◆ Recorded data
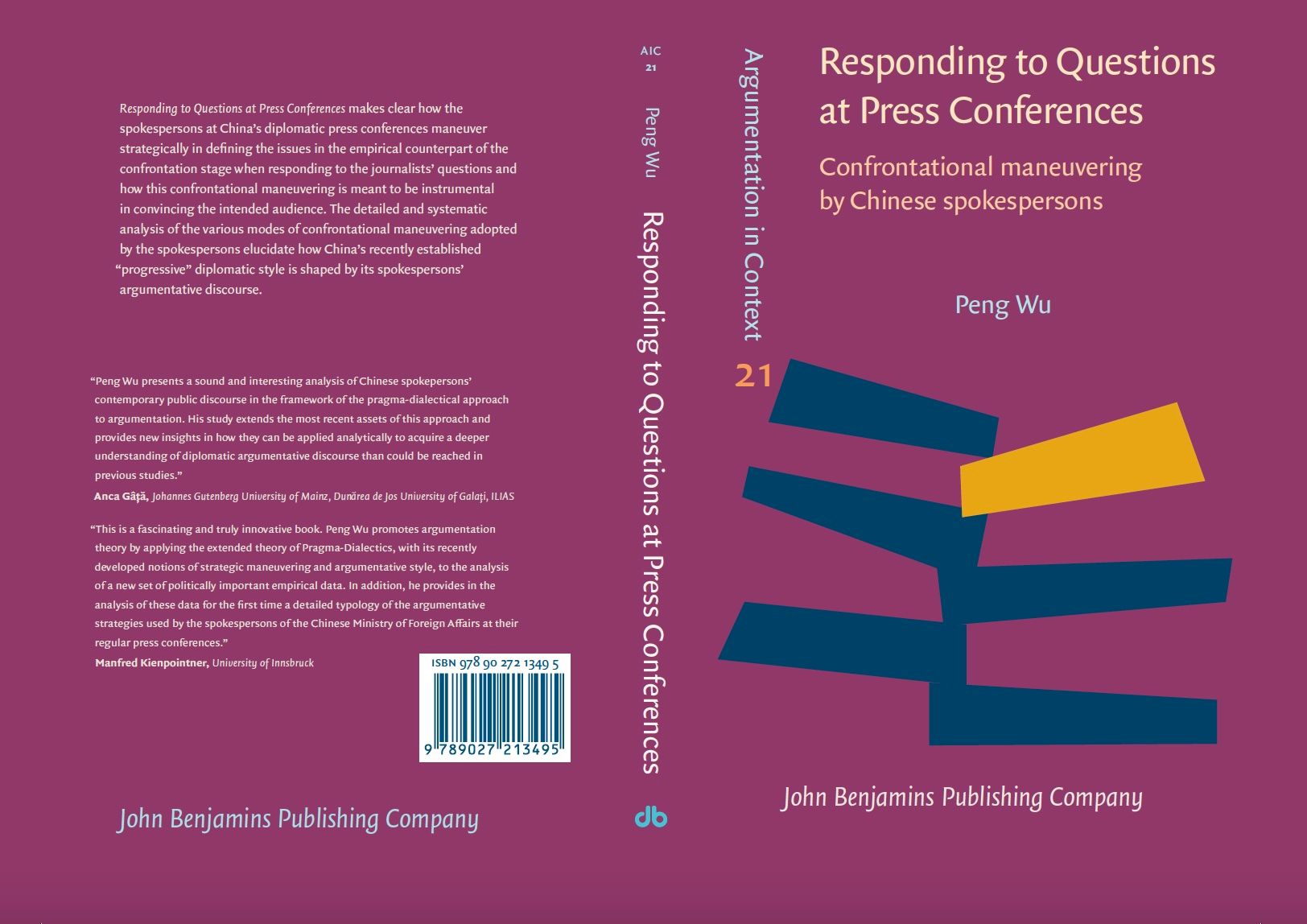 日前,约翰.本杰明出版社正式出版由我校外国语学院吴鹏教授撰写的英文专著《答记者问:中国外交发言人论辩应答中冲突操控研究》(Responding to questions at press conferences: Confrontational maneuvering by Chinese spokespersons , 硬装版ISBN号9789027213495,在线版ISBN号9789027253262)。该书是当代国际论辩学界第一本由中国学者独立撰写的英文学术专著,也是国际语用论辩学界自上世纪70年代以来第一本专注外交论辩话语和中国论辩话语现象的学术著作。
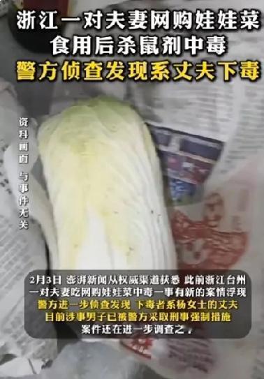太冤枉了,因为这件事商家把店铺都关了!夫妻网购娃娃菜中毒,警方发现竟然是丈夫下毒! 2025年12月,浙江台州天台县一对夫妻的一场普通网购,竟酿成惊魂中毒事件,更在一个多月后曝出惊天反转。妻子杨女士花费17.48元,在电商平台网购8斤娃娃菜,12月16日到货当天,夫妇俩清水煮食,结果次日便双双突发身体不适。 杨女士率先流鼻血不止,随后夫妻二人相继出现牙龈出血、皮下瘀斑症状,病情急转直下,被紧急送往天台县人民医院。12月23日,医院出具诊断书,明确二人系杀鼠剂(溴鼠灵)中毒,伴随重度贫血、凝血功能障碍,随时有颅内出血风险,当即转入ICU抢救。杨女士在ICU救治逾一个月才脱离危险,丈夫更是出现肺积水、呼吸衰竭,住院观察许久。 事发后,夫妻二人坚称家中没有鼠药,日常均菜场买菜,唯一外来食品便是这箱网购娃娃菜,杨女士随即联系商家维权,却遭客服否认,涉事店铺“森逸轩花卉园艺”随后下架失联,1月25日账号已注销。警方初期侦查,曾锁定毒源为包裹娃娃菜的旧报纸,推测商家为省成本,用沾染杀鼠剂的废旧报纸包装,导致毒物渗透蔬菜,彼时全网皆为夫妻二人惋惜,谴责商家无良。 谁料2月3日案件迎来惊天反转,警方深入侦查后查明,真正下毒者并非商家,而是杨女士的丈夫!警方通过现场勘查及缜密排查,证实其丈夫蓄意投毒,导致夫妻二人中毒。目前涉事男子已被警方采取刑事强制措施,具体作案动机及投毒细节,案件仍在进一步调查中。 网购娃娃菜中毒案的惊天反转,远比剧情更戳心,枕边人变成投毒者,到底是因为什么? 夫妻本是风雨同舟的至亲,理应相濡以沫,可本案中的丈夫却暗藏杀机,借网购蔬菜掩盖恶行,让朝夕相伴的爱人身陷ICU,这般恶意,凉薄到刺骨。刚开始众人都谴责商家包装违规、漠视食品安全,为此商家也能受了不白之冤,还关掉了店铺。可真相浮出水面,才知最可怕的风险从不是外来隐患,而是身边人的居心叵测。 婚姻中不管有什么矛盾,有天大的问题,都不该用如此极端的方式去解决。能过就过,不能过就散,没有什么比生命更重要的,希望这起案件能给大家敲响警钟,在婚姻中多一份坦诚与理解。也希望大家从这起事件中明白,人与人之间相处,真诚才是长久之道。无论是爱情还是友情,都需要我们用心去经营,用真心去对待。
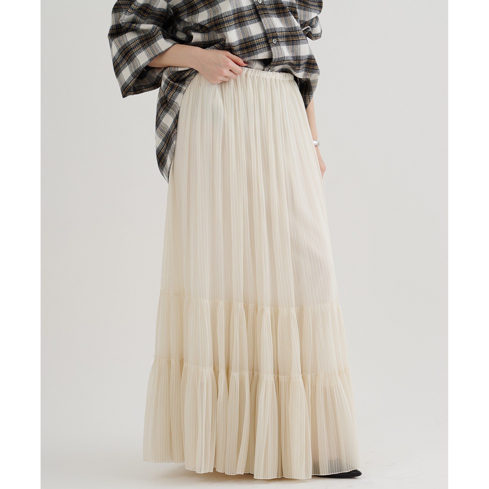 【2026SS】フェミニンさとカジュアルさを兼ね備えた、大人のプリーツスカート■軽やかなオーガンジー素材を使用したティアードスカート。■繊細なシアー感と細かいプリーツが上品な立体感をプラス。■断ち切りで切り替えを入れることで、抜け感のある軽やかな表情を演出。■程よいボリューム感がありながらも、ウエストはゴム仕様でリラックスした着心地。■フェミニンさとカジュアルさを兼ね備え、動きのあるデザインに仕上げた大人の上質スカート。【COLOR】オフホワイト:軽やかさと可憐さを演出する柔らかなオフホワイト。ブラック:モードなニュアンスをプラスする華やぎブラック。【MATERIAL】ヴィンテージのような風合いが特徴の、シアー感のある薄手のオーガンジー生地。※切り替え部分はあえて断ち切りにすることで抜け感を演出しております。素材の特性上、断ち切りの端折り糸が出てくることがございますが、デザインとしてお楽しみください。----------------------------------------------------洗濯方法:手洗い可透け感:表地のみあり裏地:あり伸縮性:なし光沢感:なし----------------------------------------------------【注意事項】・画像の商品はサンプルです。実際の商品と仕様、加工が若干異なる場合があります。また 、パソコンやスマートフォンのモニター環境などにより、色味が違って見える場合がございます。・店頭及び屋外での撮影画像は、光の当たり具合で色味が違って見える場合があります。商品の色味は、スタジオ撮影の画像をご参照ください。・入荷状況により、お届け予定が前後する場合があります。・お客様への発送が店頭販売より遅れる場合があります。・追加生産商品は、一部の店舗、通販で販売中の場合があります。予めご了承下さい。

◆ What you will do
Transcribe the data verbatim. No picture belongs in the result.

◆ Completed exercise
 日前,约翰.本杰明出版社正式出版由我校外国语学院吴鹏教授撰写的英文专著《答记者问:中国外交发言人论辩应答中冲突操控研究》(Responding to questions at press conferences: Confrontational maneuvering by Chinese spokespersons , 硬装版ISBN号9789027213495,在线版ISBN号9789027253262)。该书是当代国际论辩学界第一本由中国学者独立撰写的英文学术专著,也是国际语用论辩学界自上世纪70年代以来第一本专注外交论辩话语和中国论辩话语现象的学术著作。
太冤枉了,因为这件事商家把店铺都关了!夫妻网购娃娃菜中毒,警方发现竟然是丈夫下毒! 2025年12月,浙江台州天台县一对夫妻的一场普通网购,竟酿成惊魂中毒事件,更在一个多月后曝出惊天反转。妻子杨女士花费17.48元,在电商平台网购8斤娃娃菜,12月16日到货当天,夫妇俩清水煮食,结果次日便双双突发身体不适。 杨女士率先流鼻血不止,随后夫妻二人相继出现牙龈出血、皮下瘀斑症状,病情急转直下,被紧急送往天台县人民医院。12月23日,医院出具诊断书,明确二人系杀鼠剂(溴鼠灵)中毒,伴随重度贫血、凝血功能障碍,随时有颅内出血风险,当即转入ICU抢救。杨女士在ICU救治逾一个月才脱离危险,丈夫更是出现肺积水、呼吸衰竭,住院观察许久。 事发后,夫妻二人坚称家中没有鼠药,日常均菜场买菜,唯一外来食品便是这箱网购娃娃菜,杨女士随即联系商家维权,却遭客服否认,涉事店铺“森逸轩花卉园艺”随后下架失联,1月25日账号已注销。警方初期侦查,曾锁定毒源为包裹娃娃菜的旧报纸,推测商家为省成本,用沾染杀鼠剂的废旧报纸包装,导致毒物渗透蔬菜,彼时全网皆为夫妻二人惋惜,谴责商家无良。 谁料2月3日案件迎来惊天反转,警方深入侦查后查明,真正下毒者并非商家,而是杨女士的丈夫!警方通过现场勘查及缜密排查,证实其丈夫蓄意投毒,导致夫妻二人中毒。目前涉事男子已被警方采取刑事强制措施,具体作案动机及投毒细节,案件仍在进一步调查中。 网购娃娃菜中毒案的惊天反转,远比剧情更戳心,枕边人变成投毒者,到底是因为什么? 夫妻本是风雨同舟的至亲,理应相濡以沫,可本案中的丈夫却暗藏杀机,借网购蔬菜掩盖恶行,让朝夕相伴的爱人身陷ICU,这般恶意,凉薄到刺骨。刚开始众人都谴责商家包装违规、漠视食品安全,为此商家也能受了不白之冤,还关掉了店铺。可真相浮出水面,才知最可怕的风险从不是外来隐患,而是身边人的居心叵测。 婚姻中不管有什么矛盾,有天大的问题,都不该用如此极端的方式去解决。能过就过,不能过就散,没有什么比生命更重要的,希望这起案件能给大家敲响警钟,在婚姻中多一份坦诚与理解。也希望大家从这起事件中明白,人与人之间相处,真诚才是长久之道。无论是爱情还是友情,都需要我们用心去经营,用真心去对待。
 【2026SS】フェミニンさとカジュアルさを兼ね備えた、大人のプリーツスカート■軽やかなオーガンジー素材を使用したティアードスカート。■繊細なシアー感と細かいプリーツが上品な立体感をプラス。■断ち切りで切り替えを入れることで、抜け感のある軽やかな表情を演出。■程よいボリューム感がありながらも、ウエストはゴム仕様でリラックスした着心地。■フェミニンさとカジュアルさを兼ね備え、動きのあるデザインに仕上げた大人の上質スカート。【COLOR】オフホワイト:軽やかさと可憐さを演出する柔らかなオフホワイト。ブラック:モードなニュアンスをプラスする華やぎブラック。【MATERIAL】ヴィンテージのような風合いが特徴の、シアー感のある薄手のオーガンジー生地。※切り替え部分はあえて断ち切りにすることで抜け感を演出しております。素材の特性上、断ち切りの端折り糸が出てくることがございますが、デザインとしてお楽しみください。----------------------------------------------------洗濯方法:手洗い可透け感:表地のみあり裏地:あり伸縮性:なし光沢感:なし----------------------------------------------------【注意事項】・画像の商品はサンプルです。実際の商品と仕様、加工が若干異なる場合があります。また 、パソコンやスマートフォンのモニター環境などにより、色味が違って見える場合がございます。・店頭及び屋外での撮影画像は、光の当たり具合で色味が違って見える場合があります。商品の色味は、スタジオ撮影の画像をご参照ください。・入荷状況により、お届け予定が前後する場合があります。・お客様への発送が店頭販売より遅れる場合があります。・追加生産商品は、一部の店舗、通販で販売中の場合があります。予めご了承下さい。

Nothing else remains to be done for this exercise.